◆ EXERCISE PROMPT
Print all of the data below exactly as it appears, leaving out every image.

◆ GIVEN INFORMATION
- - -

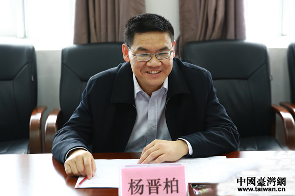 中国台湾网1月25日讯 1月24日下午,广西壮族自治区副主席杨晋柏到自治区台办调研,与台办干部座谈交流,了解全区对台工作情况,就如何结合广西对台工作实际,贯彻落实习近平总书记在《告台湾同胞书》发表40周年纪念会上的重要讲话和中央对台工作会议精神,促进两岸关系和平发展和服务广西经济社会发展,提出了意见和工作要求。
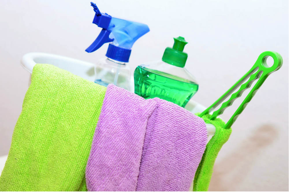表面のゴミを取り去ったら、水拭きや洗剤での掃除へと移りましょう。2度拭きが必要な洗剤を選んだ場合は、洗剤で掃除した後、かたく絞った雑巾などで再度拭きあげてください。
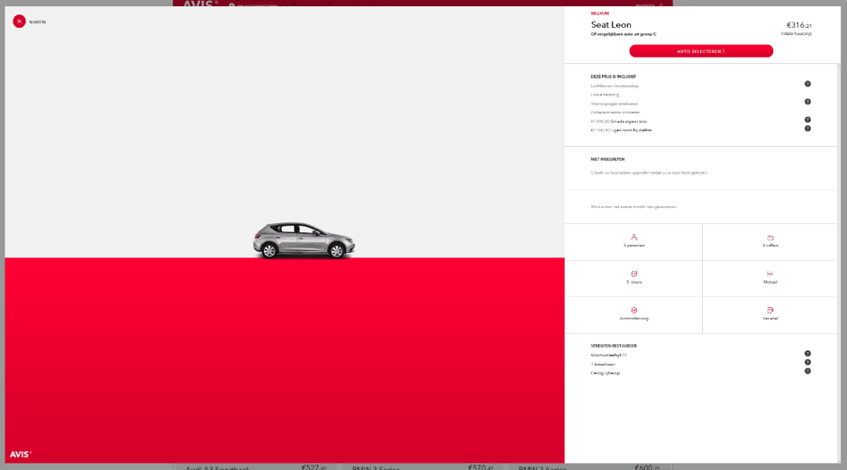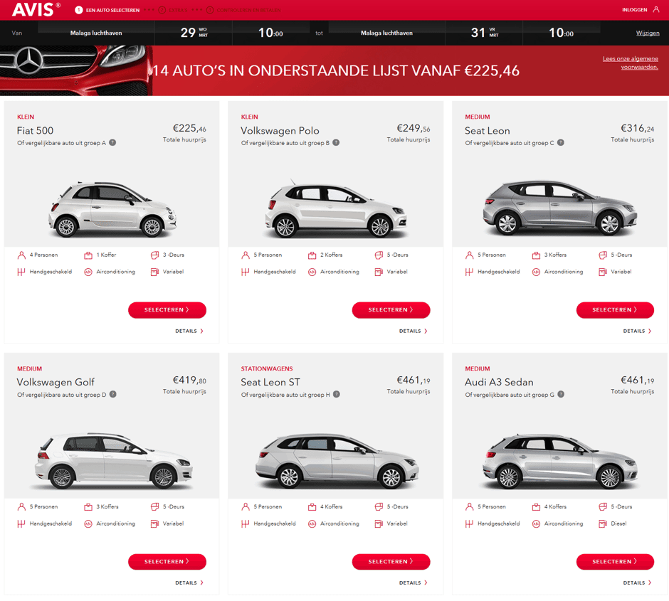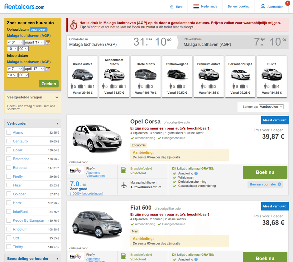 An aspect of rentalcars.com that users appreciate is that it clearly indicates how many people and suitcases fit in the offered cars. Avis.nl also shows this in the overview. "The information about how many people and suitcases is handy." (Rentalcars.com)

- - -

◆ THE ANSWER
 中国台湾网1月25日讯 1月24日下午,广西壮族自治区副主席杨晋柏到自治区台办调研,与台办干部座谈交流,了解全区对台工作情况,就如何结合广西对台工作实际,贯彻落实习近平总书记在《告台湾同胞书》发表40周年纪念会上的重要讲话和中央对台工作会议精神,促进两岸关系和平发展和服务广西经济社会发展,提出了意见和工作要求。
表面のゴミを取り去ったら、水拭きや洗剤での掃除へと移りましょう。2度拭きが必要な洗剤を選んだ場合は、洗剤で掃除した後、かたく絞った雑巾などで再度拭きあげてください。
 An aspect of rentalcars.com that users appreciate is that it clearly indicates how many people and suitcases fit in the offered cars. Avis.nl also shows this in the overview. "The information about how many people and suitcases is handy." (Rentalcars.com)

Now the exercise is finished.